## ACTION ITEM
Only the lines from the beginning of the data through the one with "同理,諸如成對的花盆、水缸、" belong in the answer, each retyped exactly, with pictures left out.

## GIVEN INFORMATION
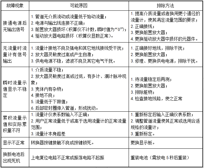七、旋進(jìn)旋渦流量計(jì)常見故障現(xiàn)象及排除方法
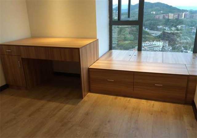 這是其中的一間臥室,我們把飄窗直接打掉了,然后利用凸出去的部分做了一個榻榻米,榻榻米的面積不大。但是平時在這上面休閑活動還是夠用了。同時還能增加一點房間的收納能力。加上旁邊的書桌,這樣一個房間的基本功能就實現(xiàn)了。
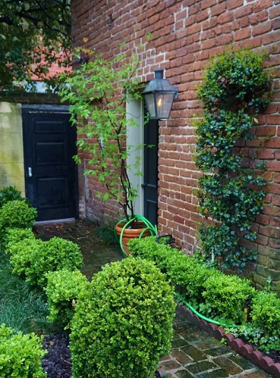 同理,諸如成對的花盆、水缸、花園庭院雕塑、家具甚至是樹形相同的黃楊木、紫杉或者其他灌木,在合理安排后,也能起到相同的效果。
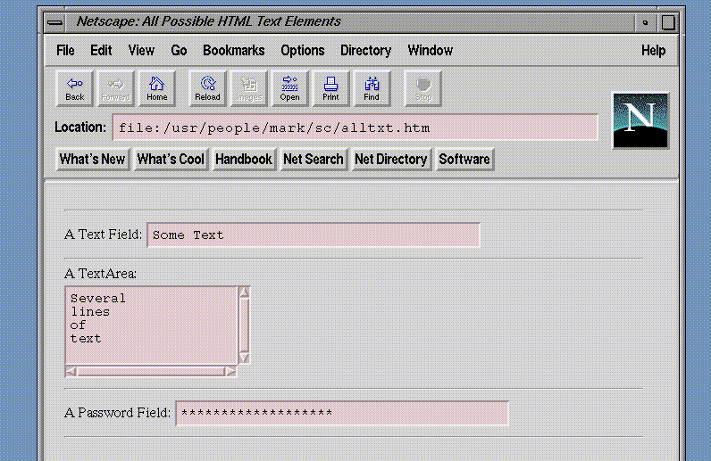 Single line text fields are created with an <INPUT TYPE="text"> directive. Any text you type in a text field is displayed as you type it. This behavior is known as echoing the input. Single line text fields that are created using <INPUT TYPE="password"> do not echo their input. Multi-line text fields are created with the TEXTAREA tag, and are usually called textareas. An HTML form showing all three types of text elements is shown in figure 3.3, created from the file alltxt.htm. Interacting with text is more complex than interacting with a button. There are more things you can do with text. You can click in the text field, enter text, edit text, select text, and decide you are finished with the text and move on.
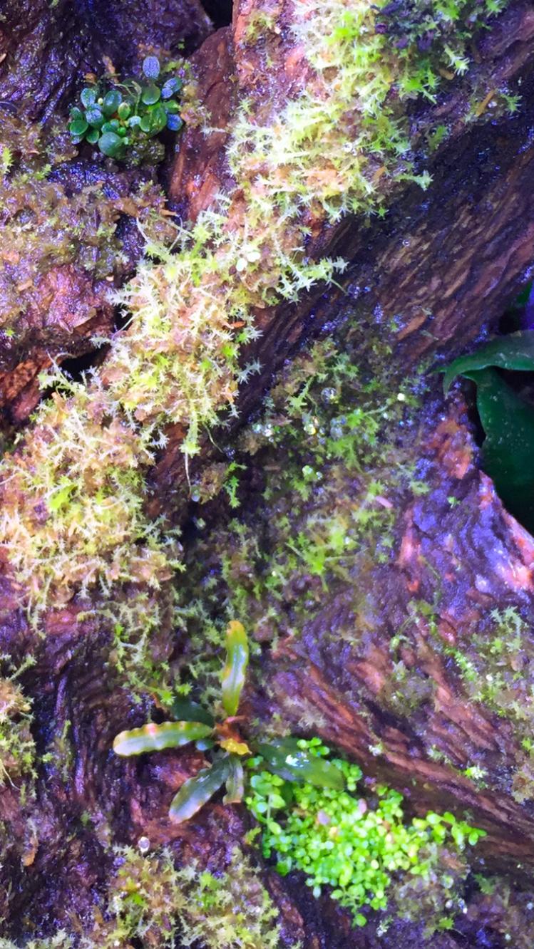 Мощный подход. Но мне пока не нравится это болотце. Если у вас там нет фильтра, то это может стать проблемой. Вода будет застаиваться, органические остатки будут перегнивать, будет не водоем, а отравленное болото. У вас по сути и так система дождевания + туман. Влажности полно. Вдруг если лягушкам будет недостаточно воды, они будут залазить либо в бромелии, либо можно поставить декоративные поилки по самому терику. Так проще менять воду. да и сама вода будет постепенно обновляться за счет дождя. Слишком сильная влажность может привезти к образованию сильной плесени по всему терику. И растения начнут просто загнивать. В тропических растениях, желательно чтобы вода была в розетках, но частично испарялась. Иначе сама розетка сгнивает. Хорошо что сделали вентиляцию. Я понял одно - без постоянного хорошего доступа воздуха в террариум, растениям не очень комфортно, особенно когда они разрастаются. Собственно со свежим воздухом, они получают СО2.
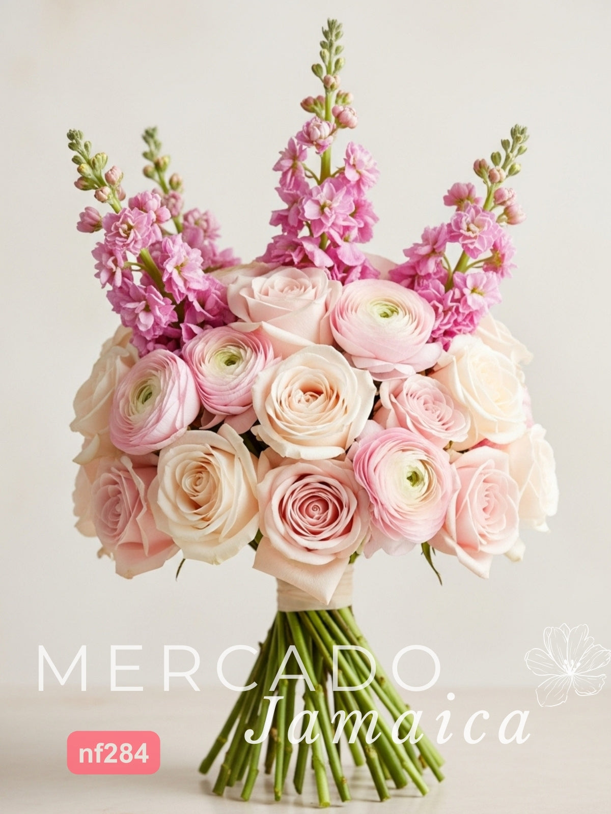 Un diseño que es un sueño hecho realidad para los amantes del color rosa. 24 rosas, 10 delicados ranúnculos y el dulce perfume de las matthiolas se unen en una composición abundante y llena de texturas. Presentado en un florero esférico, es el regalo perfecto para un gesto de amor grandioso.
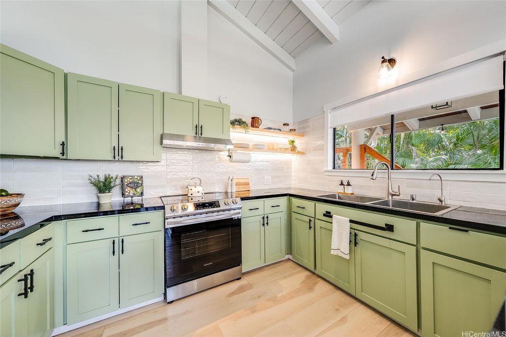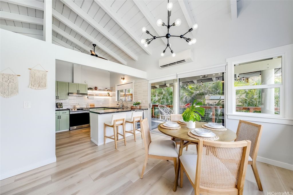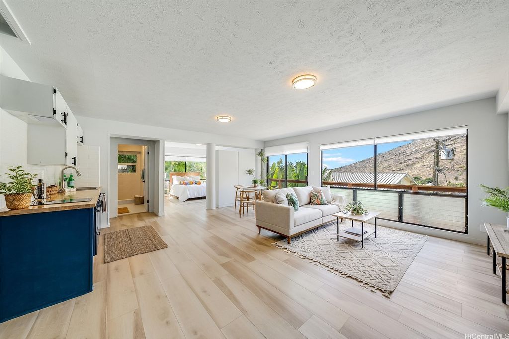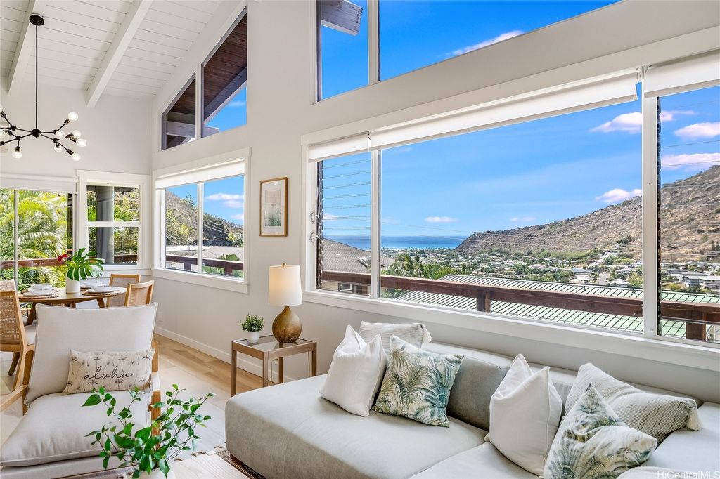 Perched between the mountains and the sea, this newly renovated Aina Haina property is a private retreat designed for active island living. The 3-bedroom, 2-bathroom main home features soaring ceilings, modern upgrades and panoramic ocean views that flow seamlessly to a wraparound lanai, perfect for enjoying your morning coffee or BBQs with friends. The well laid out kitchen is designed for those who love to cook or entertain and flows seamlessly into the open concept dining and living areas. The spacious primary suite includes two closets, a beautifully updated en suite bath and direct access to the deck to take in the serene surroundings. Split A/C's throughout and cool breezes provide year-round comfort. A separate rental unit below offers income potential or flexibility for extended living. Additional highlights include a large workshop, ample storage and a 2-car carport with surfboard racks. Nestled in a quiet hillside setting, this home feels secluded yet is just minutes from Aina Haina Shopping Center, dining, and surf breaks. This rare property truly combines privacy, modern living, panoramic views, and flexible spaces all in one exceptional home!
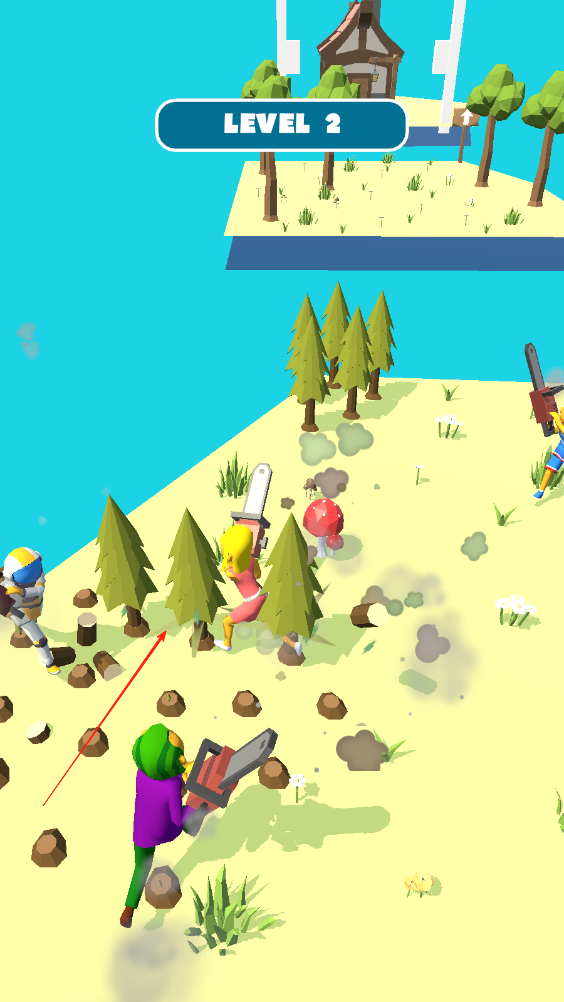 1、游戏开始后会匹配一堆玩家,将和我们共同抢夺树木资源,努力争夺树木资源且砍下即可。
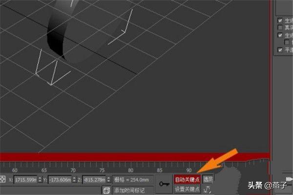 10. 选择【自动关键点】按钮,准备制作一个小动画。 接着,鼠标左键在底部的动画区域中,选择【自动关键点】按钮,准备制作一个小动画,如下图所示。
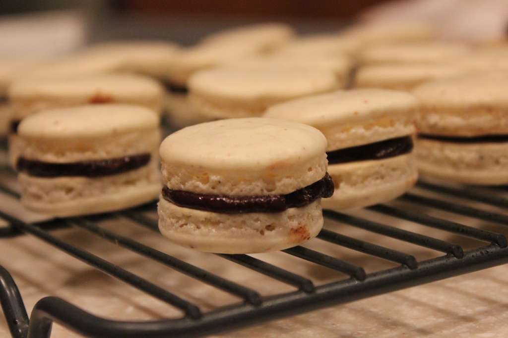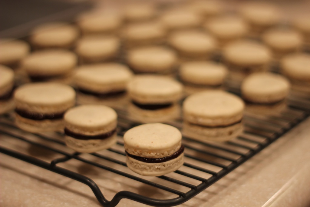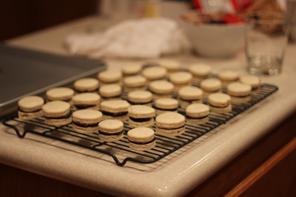 I pipped my ganache into the macarons and set it in the fridge to age. The idea is this: if you slightly overcook your macarons, you end up with the perfect macaron after it ages in the fridge for 24 hours. By aging the macaron, you allow the complex flavors to meld and develop. The moisture from the filling also helps reconstitute the famous chewy texture of the macaron.
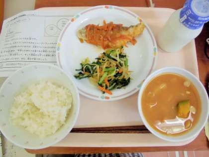 今日は、ごはん、牛乳、魚の南蛮揚げ、野菜のからしじょうゆかけ、かぼちゃのみそ汁です。

## WORKED SOLUTION
七、旋進(jìn)旋渦流量計(jì)常見故障現(xiàn)象及排除方法
 這是其中的一間臥室,我們把飄窗直接打掉了,然后利用凸出去的部分做了一個榻榻米,榻榻米的面積不大。但是平時在這上面休閑活動還是夠用了。同時還能增加一點房間的收納能力。加上旁邊的書桌,這樣一個房間的基本功能就實現(xiàn)了。
 同理,諸如成對的花盆、水缸、花園庭院雕塑、家具甚至是樹形相同的黃楊木、紫杉或者其他灌木,在合理安排后,也能起到相同的效果。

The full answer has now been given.